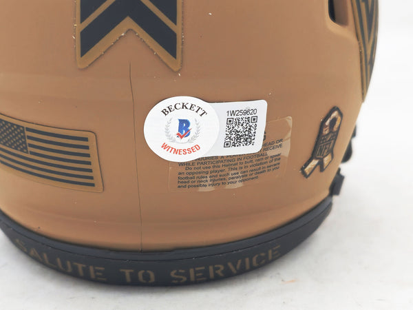 This is an Atlanta Falcons Camo Brown Speed Mini Helmet that has been hand signed by Michael Vick. Because each Camo helmet is hand-dipped using water-transfer technology there may be slight imperfections. This item has been witnessed and certified authentic by Beckett Authentication (BAS) and comes with their tamper-proof witness sticker.
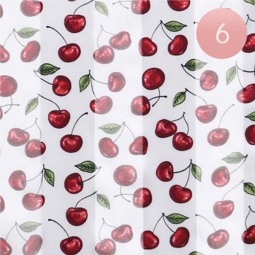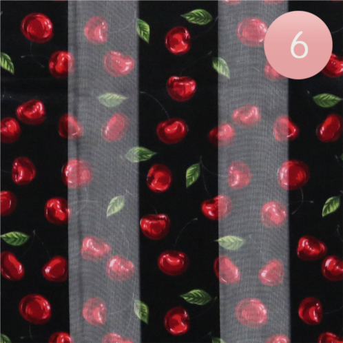 Size - 13' X 60'Material - 100% PolyesterSet of sheer fashion scarves featuring a playful cherry print and soft finish. Ideal for accessorizing outfits with a fun twist, these scarves offer lightweight style and versatility for all-day wear.
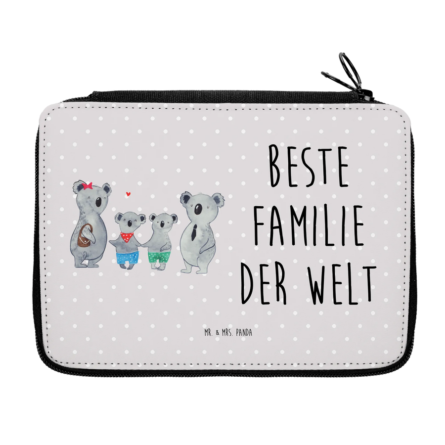 Piórnik Rodzina koali dwa - z napisem - Szary Pastel
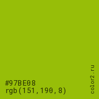 Цвет #97BE08 в цветовой модели RGB обозначается тремя октетами (151, 190, 8) в десятичном формате и #97BE08 в шестнадцатиричном (hex) формате, которые являются интенсивностью красного 151 (hex 97), интенсивность зелёного 190 (hex BE) и интенсивность синего 8 (hex 08).
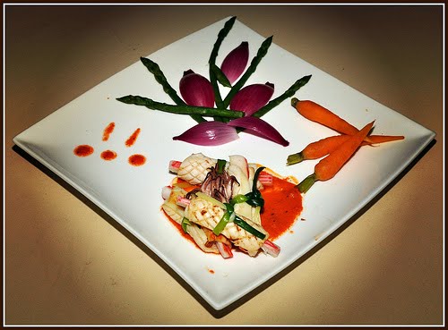 - Coloque en el vaso de la licuadora el pimentón rojo asado, vino blanco, aceite de oliva, sal, pimienta y vinagre blanco, licue y cuele. Coloque la salsa obtenida en una cacerola y lleve al fuego, una vez caliente incorpore una cucharada de mantequilla fría, mezcle hasta emulsionar. - Rellene los tubos de calamar con la cebolla caramelizada, un trozo de queso y por ultimo uno o dos espárragos, ate con una tira de cebollín.

┄┄┄┄┄┄┄┄┄┄

▶ [Brief] With the pictures omitted, restate word for word the lines above from the line that has "Piórnik Rodzina koali" up to and including the line that has "Цвет #97BE08 в", and no other lines.

▶ [Solution for this task]
 Piórnik Rodzina koali dwa - z napisem - Szary Pastel
 Цвет #97BE08 в цветовой модели RGB обозначается тремя октетами (151, 190, 8) в десятичном формате и #97BE08 в шестнадцатиричном (hex) формате, которые являются интенсивностью красного 151 (hex 97), интенсивность зелёного 190 (hex BE) и интенсивность синего 8 (hex 08).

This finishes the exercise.